AVAILABLE DATA:

■ ■ ■

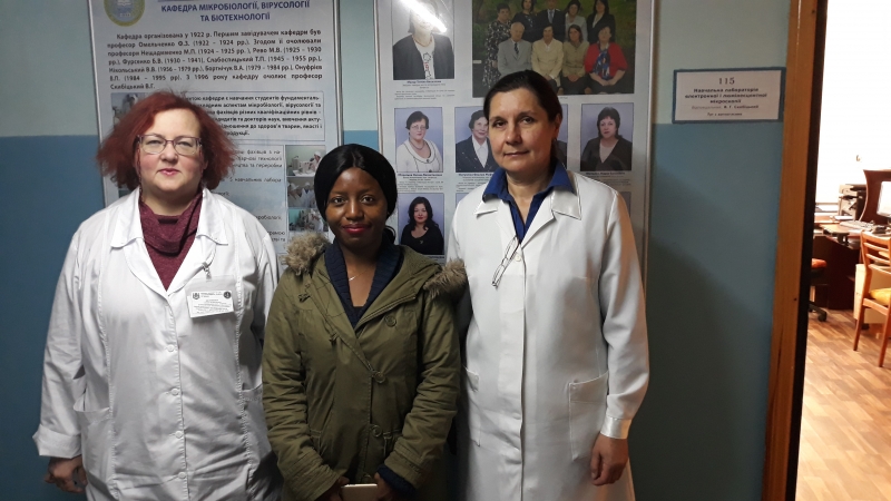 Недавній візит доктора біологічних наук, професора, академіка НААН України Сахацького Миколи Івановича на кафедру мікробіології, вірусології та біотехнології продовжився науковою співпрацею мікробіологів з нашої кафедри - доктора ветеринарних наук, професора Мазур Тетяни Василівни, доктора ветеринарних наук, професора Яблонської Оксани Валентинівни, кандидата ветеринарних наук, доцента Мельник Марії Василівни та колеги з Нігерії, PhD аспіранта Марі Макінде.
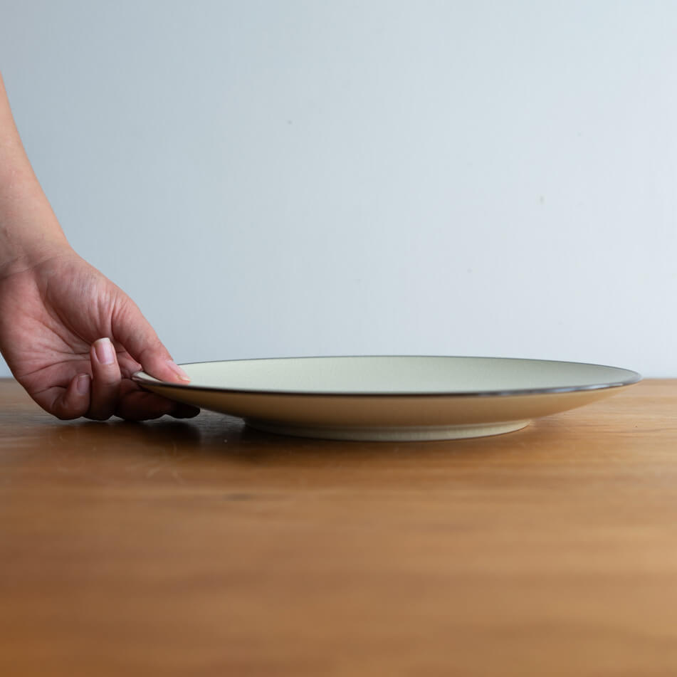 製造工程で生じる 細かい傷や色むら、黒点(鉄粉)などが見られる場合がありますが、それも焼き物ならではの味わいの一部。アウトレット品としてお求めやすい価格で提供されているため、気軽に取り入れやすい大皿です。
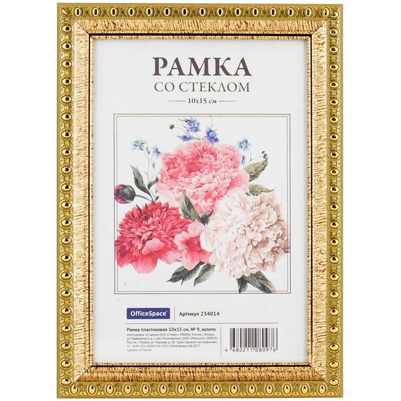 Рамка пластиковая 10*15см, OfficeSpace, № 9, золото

■ ■ ■

BRIEF: Reproduce, word for word, the lines from the one containing "製造工程で生じる 細かい傷や" to the end of the material, both ends included. No picture is copied.

OUTPUT OF THE EXERCISE:
 製造工程で生じる 細かい傷や色むら、黒点(鉄粉)などが見られる場合がありますが、それも焼き物ならではの味わいの一部。アウトレット品としてお求めやすい価格で提供されているため、気軽に取り入れやすい大皿です。
 Рамка пластиковая 10*15см, OfficeSpace, № 9, золото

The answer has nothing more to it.